Input data –
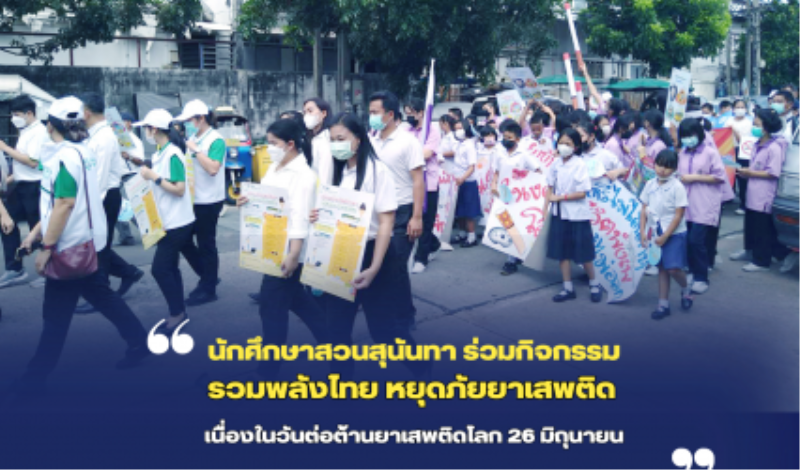 Blogนักศึกษา นักศึกษาสวนสุนันทา รวมพลังไทย หยุดภัยยาเสพติด เนื่องในวันต่อต้านยาเสพติดโลก 26 มิถุนายน tui sakrapee June 27, 2023 นักศึกษามหาวิทยาลัยราชภัฏสวนสุนันทา ร่วมเดินรณรงค์ต่อต้านยาเสพติด ในวันต่อต้านยาเสพติดโลก (26 มิถุนายน) ร่วมกับอาสาสมัครกรุงเทพมหานครด้านการป้องกันและแก้ไขปัญหายาและสารเสพติด และภาคีเครือข่ายในพื้นที่เขตดุสิต โดยเริ่มเดินตั้งแต่บริเวณถนนสุคันธารามจนถึงสำนักงานเขตดุสิต โดยมี นายสรรเสริญ เรืองฤทธิ์ ผู้ช่วยผู้อำนวยการเขตดุสิต เป็นประธานในกิจกรรมดังกล่าว . ******************* ฝ่ายประชาสัมพันธ์และโสตทัศนูปกรณ์…
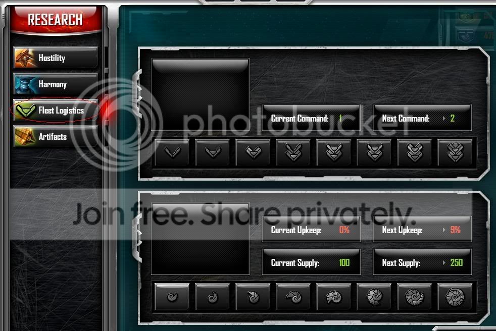 The bottom bar shows you how much upkeep you are paying for how many supply points. If you need more points, you have to research the next level. However, the upkeep will increase (as a percentage of your total income (all 3)). So there is no point researching it too early as you will be reducing your income and not using the slots as you won't be able to buy the ships anyway. The flip side is you have heaps of income and no ships points free so cannot buy new ships either
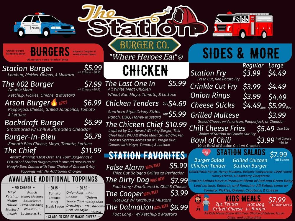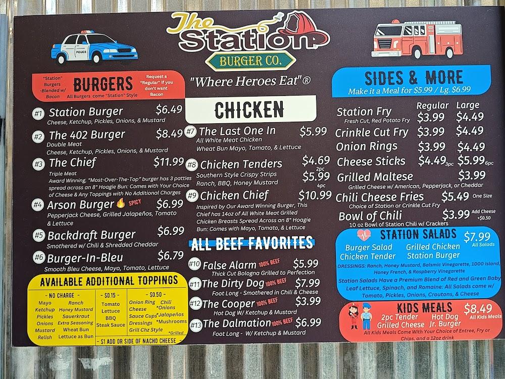 Welcome to The Station Burger CO., where every bite pays tribute to our everyday heroes. Founded by Carl Medlin, a former volunteer firefighter, our burger joint is dedicated to serving delicious, high-quality meals while honoring the brave men and women who protect our community. Located at 5101 Hinkleville Rd in Paducah, KY, we offer a range of mouthwatering burgers and delightful ice cream treats, perfect for any time of day. Enjoy quick service in a welcoming environment, whether you're dining in, taking out, or on the go. Join us and make every meal a celebration of courage!
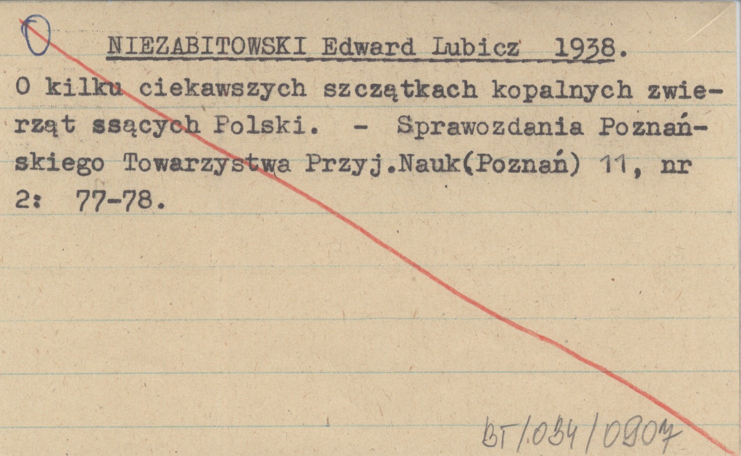 NIEZABITOWSKI Edward Lubicz 1938 O kilku ciekawszych szczątkach kopalnych zwierząt ssących Polski.
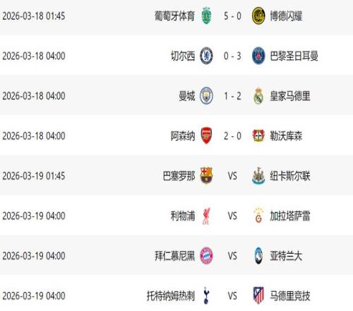 北京時間3月18日,歐冠16強淘汰賽第二回合進行了4場比賽,結果阿森納、大巴黎、皇馬和葡萄牙體育分別戰勝各自的對手,順利晉級8強。
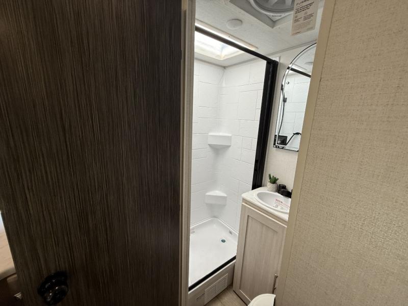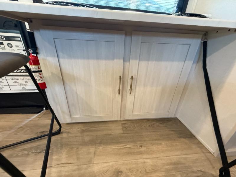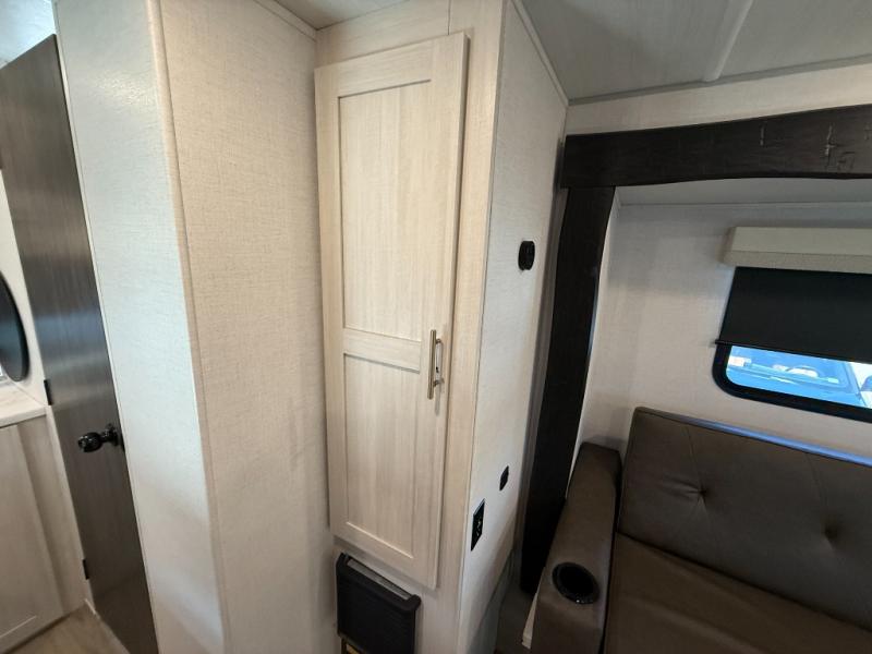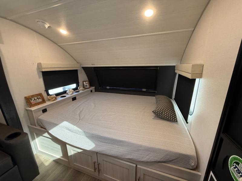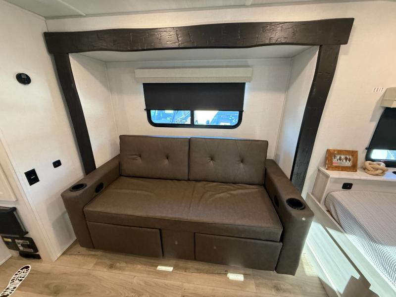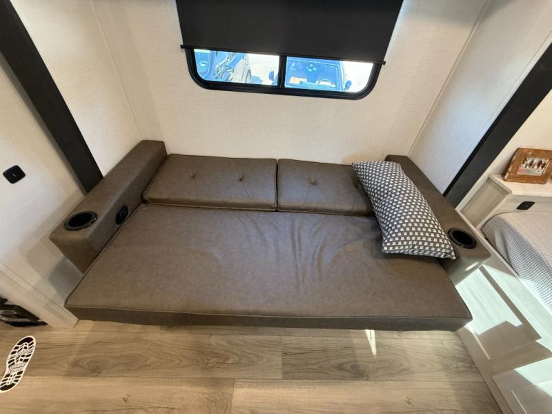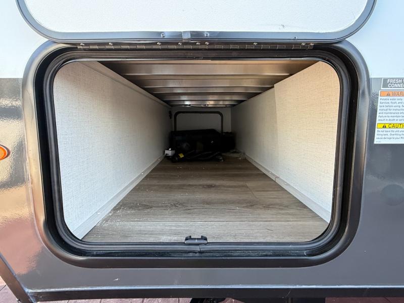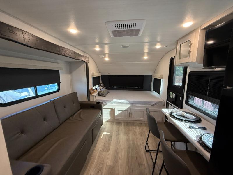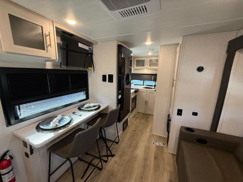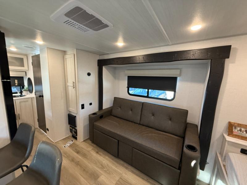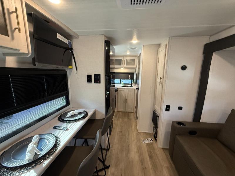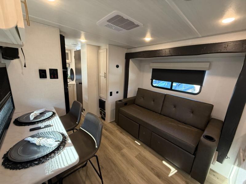 This travel trailer makes time at the campground easier than ever. Once you arrive at your site, you can put out the 14' awning, unload the exterior storage, then stretch your legs on a trail. The rear corner kitchen will let you make lunch when you return, and there is a bar top with two chairs where you can dine at. The jackknife sofa with leg rests is within a slide out so you can enjoy more floor space, and the front queen bed is sure to make you feel right at home.
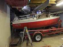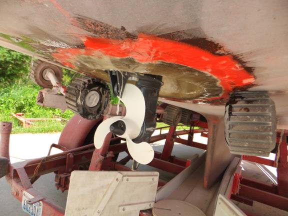 The added weight in well–saturated glass that was supposed to bond up into the plastic tube and around the corner to the ground-off hull surface started causing a bit of a chain reaction. I’d get it all pushed into place, and leave the room for a while. I’d come back to find it hanging in tatters. ‘Pox dripping all over the floor. Quite a mess. So, for several hours, I uncharacteristically patiently knelt and craned my neck back while I continued to push the gooey stuff back into place. Until it started to kick. Finally. Next disaster.

The task – Given the listing above, retype only the span of lines from the line with "NIEZABITOWSKI Edward Lubicz" up to and including the line with "北京時間3月18日,歐冠16", exactly as it stands and without pictures.

Problem solution –
 NIEZABITOWSKI Edward Lubicz 1938 O kilku ciekawszych szczątkach kopalnych zwierząt ssących Polski.
 北京時間3月18日,歐冠16強淘汰賽第二回合進行了4場比賽,結果阿森納、大巴黎、皇馬和葡萄牙體育分別戰勝各自的對手,順利晉級8強。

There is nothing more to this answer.